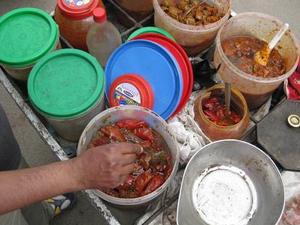 作り方は簡単。アチャールにしたい食材をを適当な大きさに切り、日干しした後瓶などに詰め、スパイスを油でじゅっと焦がしてから、瓶にそそぎいれます。蓋をしっかり締め、太陽の下に何日か置いておくと次第に発酵が進み、適当な酸っぱさになったら食べ頃になります。
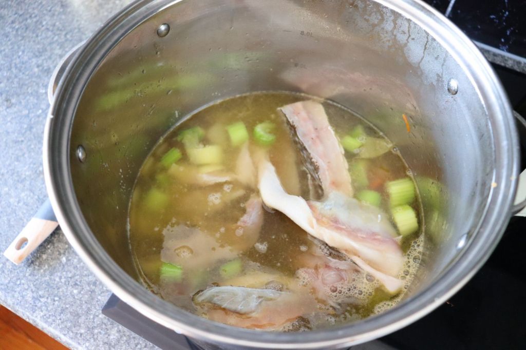 Add your white wine, fish bones, and water.
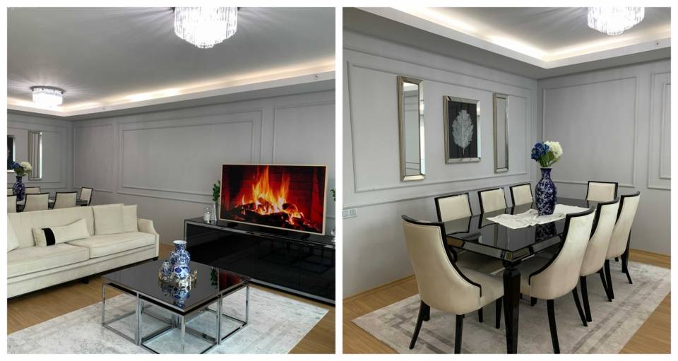 Ortamdaki uyum ve keyif seviyesini maksimum tutmak isteyen Taha Bey zeminde laminant görünümlü seranik kullanmış. Son olarak da altın renkli aksesuarlarla alanın albenisini arttırmış.
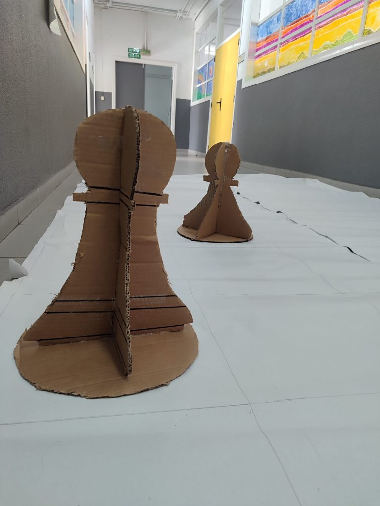 El alumnado de 2º de ESO de la Escuela María Reina realiza un ajedrez gigante para niños de Educación Infantil. Este proyecto ayudará a los niños pequeños a aprender cosas diferentes: aprender a esperar, a tener paciencia, etc. Hasta ahora han utilizado un pequeño robot para trabajar el movimiento espacial y la lógica matemática, pero a partir de ahora pueden mejorar eso caminando por el tablero de ajedrez como si ellos fueran un robot. Sin embargo, el objetivo más importante es que los niños se diviertan y disfruten.
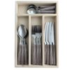 This 24-piece Provence cutlery set is made in Italy. This stylish cutlery consists of 6 dinner knives, 6 dinner forks, 6 dinner spoons and 6 dessert spoons. The materials are of excellent quality. The blade consists of one piece over the entire length and does not bend. It also has a thickness of 1.8 mm and is made of stainless steel. The knives have a fine serration which makes them cut well and stay sharp for a long time. The cutlery is suitable for use in the dishwasher. The set is supplied in a beautifully finished wooden cutlery box made of European softwood. The sturdy cutlery box is not only a nice gift box but also very suitable for storing the cutlery.

ACTIVITY: Leaving out every picture, copy exactly the lines from the one that contains "El alumnado de" through the end of the entries above.

RESULT OF THIS TASK:
 El alumnado de 2º de ESO de la Escuela María Reina realiza un ajedrez gigante para niños de Educación Infantil. Este proyecto ayudará a los niños pequeños a aprender cosas diferentes: aprender a esperar, a tener paciencia, etc. Hasta ahora han utilizado un pequeño robot para trabajar el movimiento espacial y la lógica matemática, pero a partir de ahora pueden mejorar eso caminando por el tablero de ajedrez como si ellos fueran un robot. Sin embargo, el objetivo más importante es que los niños se diviertan y disfruten.
 This 24-piece Provence cutlery set is made in Italy. This stylish cutlery consists of 6 dinner knives, 6 dinner forks, 6 dinner spoons and 6 dessert spoons. The materials are of excellent quality. The blade consists of one piece over the entire length and does not bend. It also has a thickness of 1.8 mm and is made of stainless steel. The knives have a fine serration which makes them cut well and stay sharp for a long time. The cutlery is suitable for use in the dishwasher. The set is supplied in a beautifully finished wooden cutlery box made of European softwood. The sturdy cutlery box is not only a nice gift box but also very suitable for storing the cutlery.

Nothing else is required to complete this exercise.